TASK TO COMPLETE: Every line of the material is to be quoted verbatim, minus the pictures.

INFORMATION SUPPLIED:
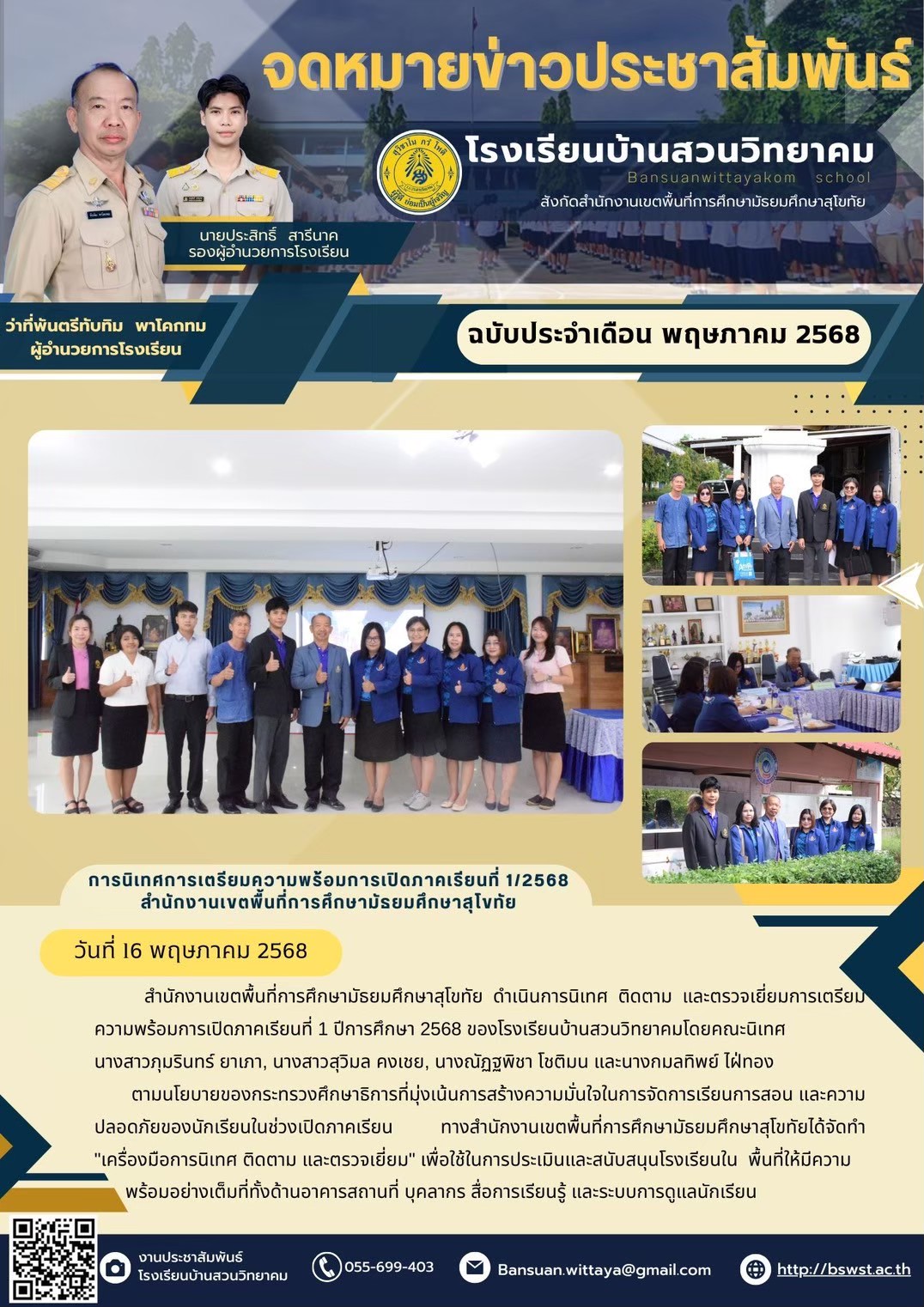 การนิเทศการเตรียมความพร้อมการเปิดภาคเรียนที่ 1/2568 สำนักงานเขตพื้นที่การศึกษามัธยมศึกษาสุโขทัย
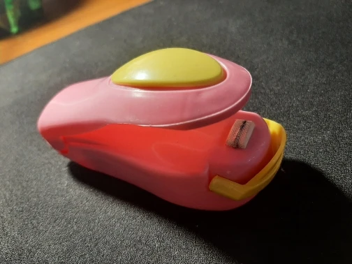 Перед тем как крепить на холодильник закрепите лучше магнитик. У меня магнитик остался на холодильнике, а машинку я по полу собирала. Собрали, пока работает. Тонкие пакетики прожигает.
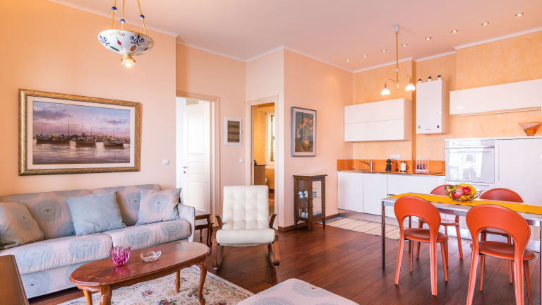 Das klimatisierte Apartment verfügt über zwei Schlafzimmer, ein geräumiges Wohnzimmer und eine voll ausgestattete Küche. Die Küche ist mit einem Kühlschrank und einer Kaffeemaschine ausgestattet, so dass Sie sich bequem selbst versorgen können. Die beiden Badezimmer sind mit Duschen und kostenlosen Pflegeprodukten ausgestattet. Handtücher und Bettwäsche werden im Apartment gestellt, so dass Sie sich um nichts kümmern müssen.

RESPONSE TO THE TASK:
 การนิเทศการเตรียมความพร้อมการเปิดภาคเรียนที่ 1/2568 สำนักงานเขตพื้นที่การศึกษามัธยมศึกษาสุโขทัย
 Перед тем как крепить на холодильник закрепите лучше магнитик. У меня магнитик остался на холодильнике, а машинку я по полу собирала. Собрали, пока работает. Тонкие пакетики прожигает.
 Das klimatisierte Apartment verfügt über zwei Schlafzimmer, ein geräumiges Wohnzimmer und eine voll ausgestattete Küche. Die Küche ist mit einem Kühlschrank und einer Kaffeemaschine ausgestattet, so dass Sie sich bequem selbst versorgen können. Die beiden Badezimmer sind mit Duschen und kostenlosen Pflegeprodukten ausgestattet. Handtücher und Bettwäsche werden im Apartment gestellt, so dass Sie sich um nichts kümmern müssen.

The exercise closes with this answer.